## Task requirements
Quote the listing below in its entirety, omitting every image.

━━ Collected data ━━

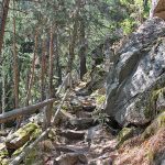 Tipp: Wenn es geregnet hat, kann dieser Pfad, der zum Teil recht steil bergab führt, rutschig sein. Alternativ kann man dann natürlich auch der Fahrstraße folgen.
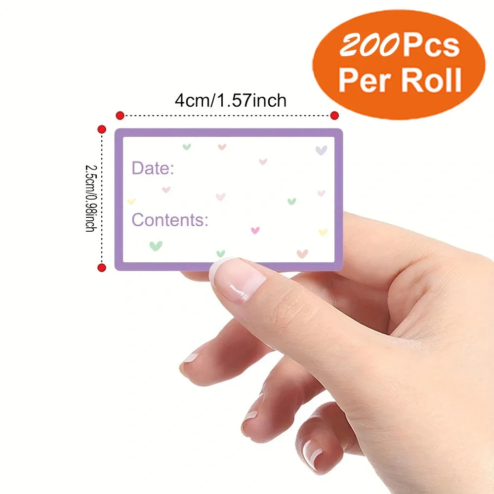 200Pcs/Roll Fridge&Freezer Safe Date/Content Food Catalog Sticker 1.0*1.57inch Kitchen Refrigerator Reminder Food Storage Labels
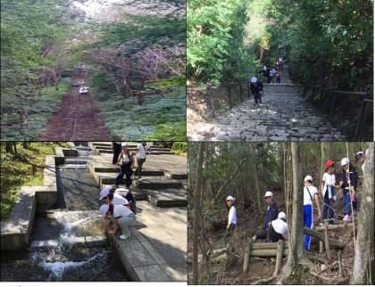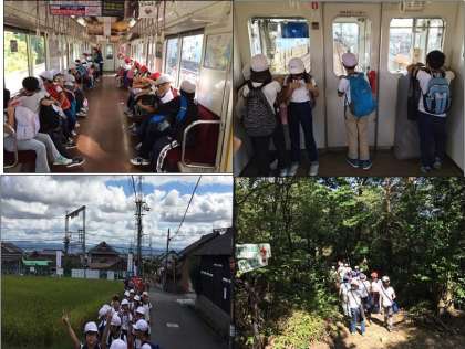 道中は、仲間と乗る電車、秋の自然、大阪とは違う風土を楽しむことができました。二上山ふるさと公園につくと、3・4年生合同のメンバーでオリエンテーリングをしました。456段もある階段を登ったり、アスレチックのような林道を下ったりして園内も満喫しました。
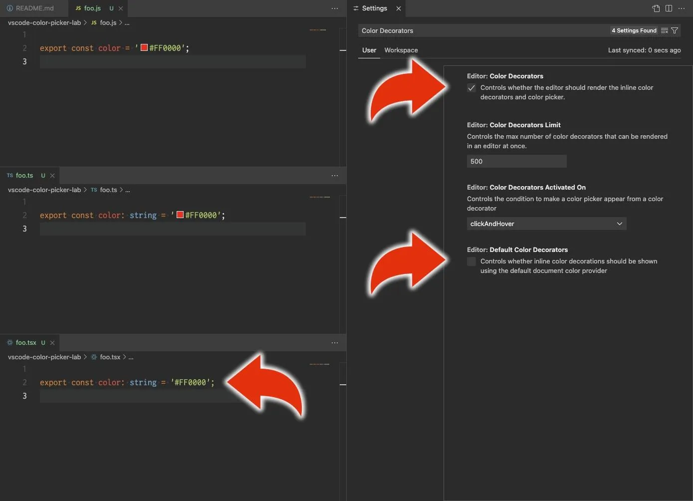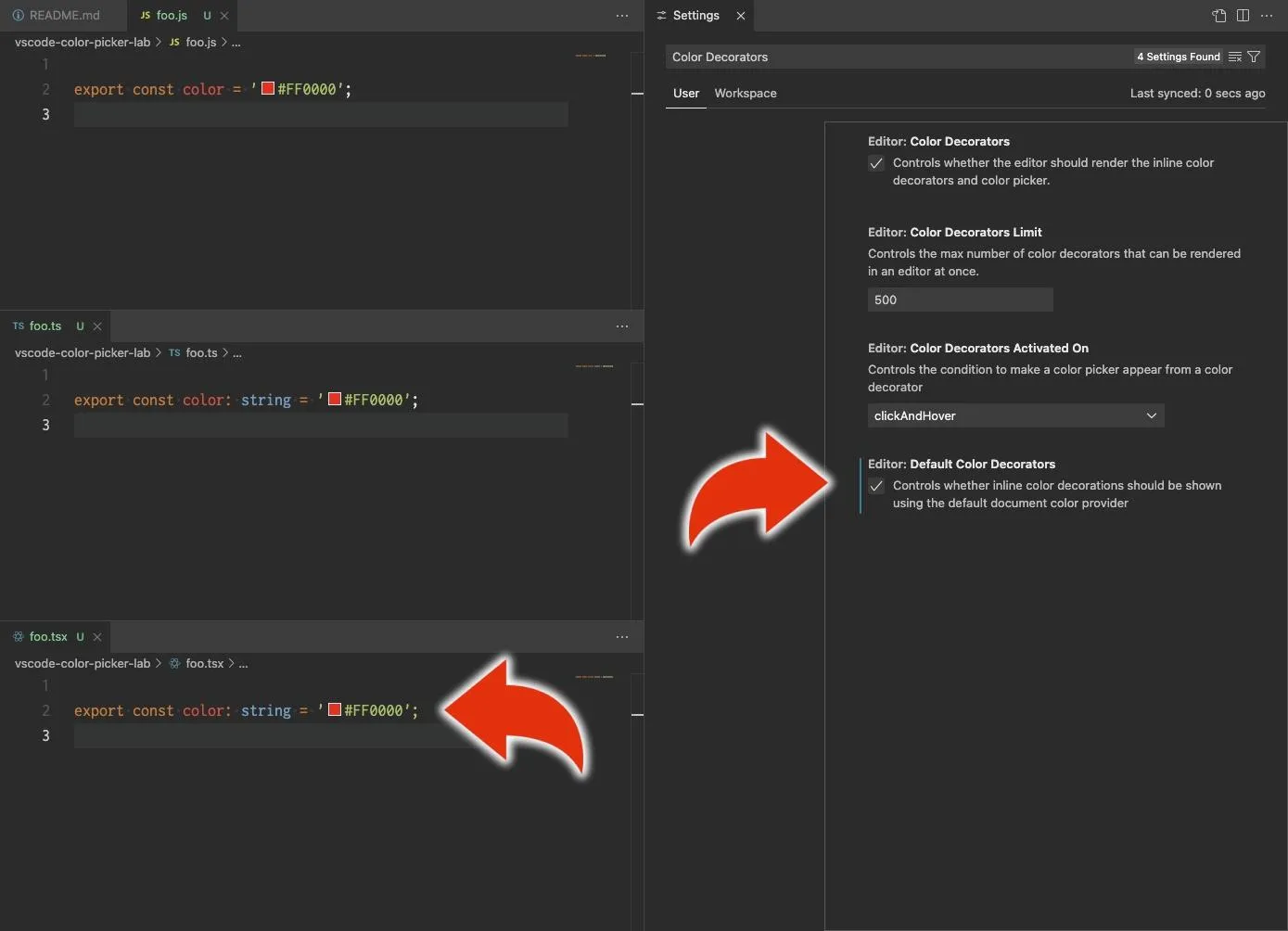 - 設定画面を出す > Color Decorators で検索 > Color Decorators を ON にする

━━━

## Task answer
 Tipp: Wenn es geregnet hat, kann dieser Pfad, der zum Teil recht steil bergab führt, rutschig sein. Alternativ kann man dann natürlich auch der Fahrstraße folgen.
 200Pcs/Roll Fridge&Freezer Safe Date/Content Food Catalog Sticker 1.0*1.57inch Kitchen Refrigerator Reminder Food Storage Labels
 道中は、仲間と乗る電車、秋の自然、大阪とは違う風土を楽しむことができました。二上山ふるさと公園につくと、3・4年生合同のメンバーでオリエンテーリングをしました。456段もある階段を登ったり、アスレチックのような林道を下ったりして園内も満喫しました。
 - 設定画面を出す > Color Decorators で検索 > Color Decorators を ON にする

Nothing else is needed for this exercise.